(DIRECTIONS FOR THIS TASK) For each record below, set it down exactly but leave out any picture.

(AVAILABLE DATA)
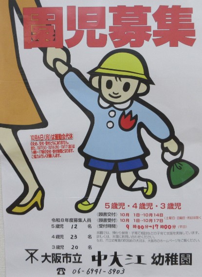 令和8年度大阪市立中大江幼稚園の「園児募集」について、願書交付・受付の日時・募集人数などが決まりました。
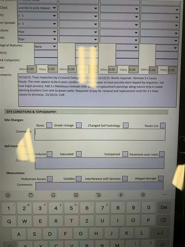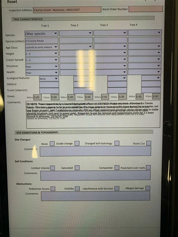 Description: (Site Inspection Form Attached for testing if necessary)
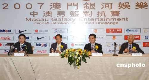 八月二十二日,澳门体育发展局在星际酒店举行记者招待会,宣布2007澳门银河娱乐中澳男篮对抗赛将于九月五日在澳门举行,中国男篮将与澳大利亚国家篮球联赛2006年度冠军的墨尔本老虎队举行比赛。届时,姚明将参加此次比赛。澳门银河娱乐集团作为此次比赛的冠名助商。中新社发 史利 摄
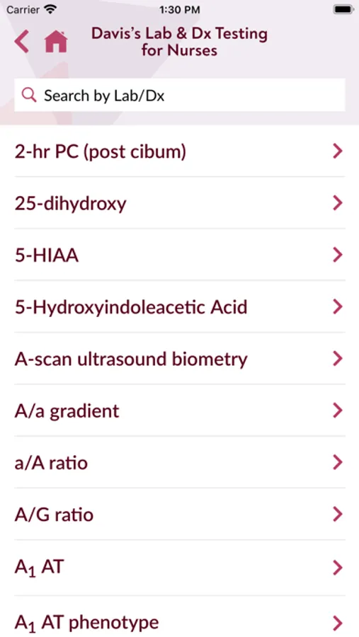 Tests and procedures are listed in alphabetical order by their complete name for quick reference. The search feature allows fast searches by abbreviation, synonym, disease/disorder, specimen type, or test classification.
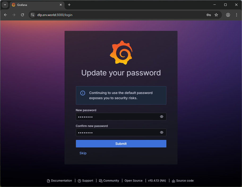 | [4] | 初回ログイン時は、デフォルトパスワードの変更を求められます。変更したい任意のパスワードを入力して [Submit] ボタンをクリックします。 |

(RESPONSE AREA)
 令和8年度大阪市立中大江幼稚園の「園児募集」について、願書交付・受付の日時・募集人数などが決まりました。
 Description: (Site Inspection Form Attached for testing if necessary)
 八月二十二日,澳门体育发展局在星际酒店举行记者招待会,宣布2007澳门银河娱乐中澳男篮对抗赛将于九月五日在澳门举行,中国男篮将与澳大利亚国家篮球联赛2006年度冠军的墨尔本老虎队举行比赛。届时,姚明将参加此次比赛。澳门银河娱乐集团作为此次比赛的冠名助商。中新社发 史利 摄
 Tests and procedures are listed in alphabetical order by their complete name for quick reference. The search feature allows fast searches by abbreviation, synonym, disease/disorder, specimen type, or test classification.
 | [4] | 初回ログイン時は、デフォルトパスワードの変更を求められます。変更したい任意のパスワードを入力して [Submit] ボタンをクリックします。 |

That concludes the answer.